In the ensuing four years since the attack, the organization has evolved into what bin Laden set out to create: a fractured, worldwide movement inspired by bin Laden and united by a single vision, as well as a central organization that continues to direct the implementation of terrorist attacks.

"To the idea al-Qaida is on the run -- how can that be if al-Qaida was directly responsible for the most consequential terrorist incident of the last year? (The London bombings) was not Sept. 11 but it was still a very significant attack," Hoffman said. "It's wishful thinking."

Moreover, it was carried out by an al-Qaida cell British intelligence -- one of the best counter-terrorist forces in the world -- knew nothing about.

"Why should we assume this is the only group of al-Qaida operatives in the world we don't know about?" Hoffman said.

"There's a proclivity to look at (recent) terrorist activity as homegrown threats. 'It's not al-Qaida so we don't really have to worry about it,'" he said. "There are perils to complacency."

Hoffman advocates a flexible, adaptable approach to the enemy. The Pentagon has come to grips with what it needs to do -- mount a massive counterinsurgency fight that encompasses not just military action but economic development, humanitarian help and, most importantly, information operations. The rest of the government is not engaged, however, and needs to be. It will be at least a decade-long fight, and it has not yet begun.

"(Islamist) radicalization is increasing rather than decreasing," Hoffman said. "This is not a fight against the current generation of terrorist, and the next generation is already indoctrinated. What we need to be doing is not fighting the generation after this."

Hoffman believes the United States has ceded the Internet and its propaganda to the terrorists -- there is very little effort to counter the information promulgated by al-Qaida and its affiliates. While it might do nothing to affect those already committed to violence, extremists might yet be swayed if they have contrary, verifiable information.

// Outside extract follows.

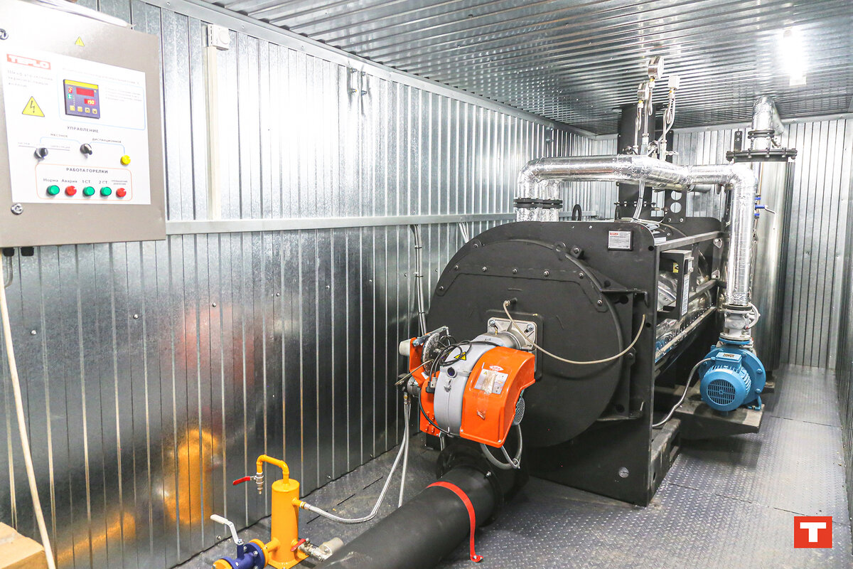 Блок-контейнер выполнен в транспортном габарите и удобен при перевозке. В остальном — это стандартный КТМ от TEPLO, который оснащается итальянскими горелками «Baltur», насосной группой «Calpeda» и запорно-предохранительной арматурой от проверенных поставщиков.

And there is one resource that could help shape what that message should be that is not being tapped -- the hundreds or thousands of prisoners held in the war on terror. They are regularly pumped for tactical intelligence. However, unlike the effort during the Vietnam war to build a complete understanding to the Viet Cong -- what motivates them to join, how they train and recruit -- no similar intelligence effort is underway with the new enemy, Hoffman said.

"There is nothing looking to mine this kind of information," he said. "Consequently we are clearly failing, and also not targeting public diplomacy."